Start of Given data

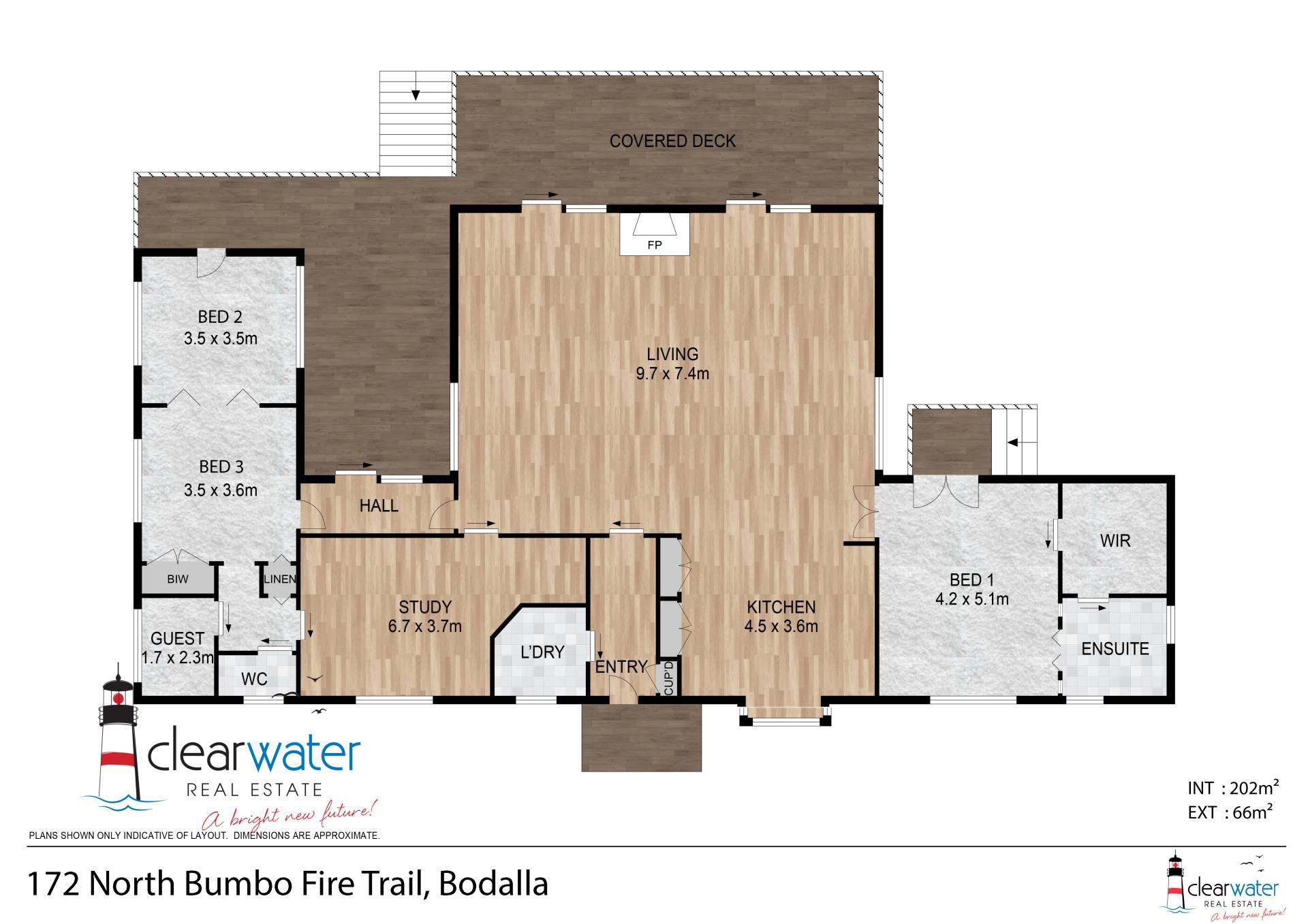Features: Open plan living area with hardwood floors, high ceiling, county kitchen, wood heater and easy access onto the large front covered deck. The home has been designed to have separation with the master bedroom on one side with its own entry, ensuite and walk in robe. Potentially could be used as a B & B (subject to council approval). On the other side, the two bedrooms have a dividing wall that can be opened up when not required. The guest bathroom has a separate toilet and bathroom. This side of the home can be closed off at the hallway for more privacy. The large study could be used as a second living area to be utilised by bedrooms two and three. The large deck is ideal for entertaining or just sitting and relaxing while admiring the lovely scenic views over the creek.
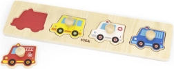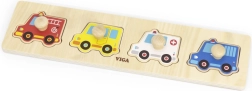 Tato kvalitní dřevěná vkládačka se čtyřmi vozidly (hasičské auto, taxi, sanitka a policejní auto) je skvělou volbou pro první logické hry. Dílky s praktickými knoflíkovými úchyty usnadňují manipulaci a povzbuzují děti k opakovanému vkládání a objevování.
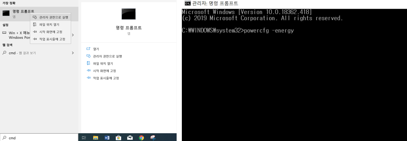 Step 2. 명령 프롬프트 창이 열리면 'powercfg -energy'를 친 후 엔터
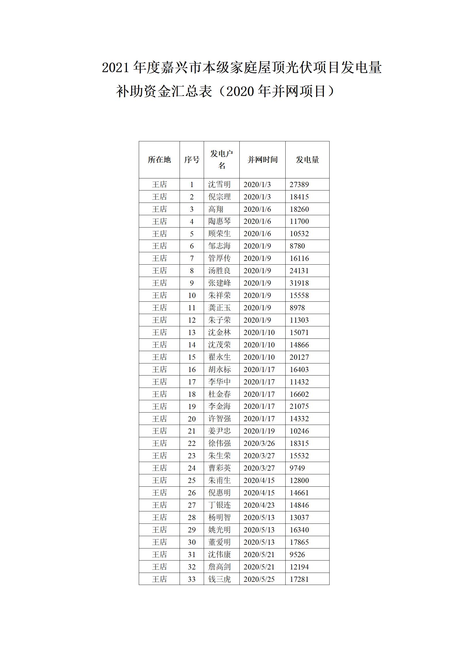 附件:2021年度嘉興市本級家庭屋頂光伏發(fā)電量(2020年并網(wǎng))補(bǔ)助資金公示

End of Given data
Start of Given data

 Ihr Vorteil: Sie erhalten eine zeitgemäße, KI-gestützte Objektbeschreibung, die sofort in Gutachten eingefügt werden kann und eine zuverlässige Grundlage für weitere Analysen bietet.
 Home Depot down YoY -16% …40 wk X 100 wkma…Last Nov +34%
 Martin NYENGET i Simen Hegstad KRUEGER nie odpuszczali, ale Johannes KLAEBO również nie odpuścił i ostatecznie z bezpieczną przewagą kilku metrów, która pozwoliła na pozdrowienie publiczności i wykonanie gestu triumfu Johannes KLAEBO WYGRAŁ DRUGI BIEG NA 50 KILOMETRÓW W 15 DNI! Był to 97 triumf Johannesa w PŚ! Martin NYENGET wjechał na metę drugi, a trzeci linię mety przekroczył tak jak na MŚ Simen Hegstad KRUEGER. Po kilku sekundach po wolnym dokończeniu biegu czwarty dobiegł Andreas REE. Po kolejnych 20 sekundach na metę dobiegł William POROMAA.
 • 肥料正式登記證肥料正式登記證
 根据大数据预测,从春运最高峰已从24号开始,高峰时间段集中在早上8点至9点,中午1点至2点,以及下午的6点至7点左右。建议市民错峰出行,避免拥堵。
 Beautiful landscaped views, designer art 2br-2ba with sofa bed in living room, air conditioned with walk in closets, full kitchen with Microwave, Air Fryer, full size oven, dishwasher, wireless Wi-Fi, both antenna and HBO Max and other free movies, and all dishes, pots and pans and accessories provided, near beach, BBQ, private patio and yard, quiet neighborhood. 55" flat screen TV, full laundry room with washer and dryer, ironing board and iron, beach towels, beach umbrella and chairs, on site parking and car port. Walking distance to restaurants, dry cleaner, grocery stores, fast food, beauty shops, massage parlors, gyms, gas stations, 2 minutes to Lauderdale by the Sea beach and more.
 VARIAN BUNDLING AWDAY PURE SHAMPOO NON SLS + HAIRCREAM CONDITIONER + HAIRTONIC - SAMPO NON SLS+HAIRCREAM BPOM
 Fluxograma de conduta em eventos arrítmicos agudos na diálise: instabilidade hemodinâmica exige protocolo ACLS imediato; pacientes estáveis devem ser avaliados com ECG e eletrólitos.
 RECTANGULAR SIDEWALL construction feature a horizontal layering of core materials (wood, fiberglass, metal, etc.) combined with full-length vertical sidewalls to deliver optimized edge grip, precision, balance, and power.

End of Given data

Aim of the task: Write out, word for word, the stretch of entries that begins at the line with "Features: Open plan" and ends at the line with "附件:2021年度嘉興市本級". Pictures do not belong in it.

Solution:
Features: Open plan living area with hardwood floors, high ceiling, county kitchen, wood heater and easy access onto the large front covered deck. The home has been designed to have separation with the master bedroom on one side with its own entry, ensuite and walk in robe. Potentially could be used as a B & B (subject to council approval). On the other side, the two bedrooms have a dividing wall that can be opened up when not required. The guest bathroom has a separate toilet and bathroom. This side of the home can be closed off at the hallway for more privacy. The large study could be used as a second living area to be utilised by bedrooms two and three. The large deck is ideal for entertaining or just sitting and relaxing while admiring the lovely scenic views over the creek.
 Tato kvalitní dřevěná vkládačka se čtyřmi vozidly (hasičské auto, taxi, sanitka a policejní auto) je skvělou volbou pro první logické hry. Dílky s praktickými knoflíkovými úchyty usnadňují manipulaci a povzbuzují děti k opakovanému vkládání a objevování.
 Step 2. 명령 프롬프트 창이 열리면 'powercfg -energy'를 친 후 엔터
 附件:2021年度嘉興市本級家庭屋頂光伏發(fā)電量(2020年并網(wǎng))補(bǔ)助資金公示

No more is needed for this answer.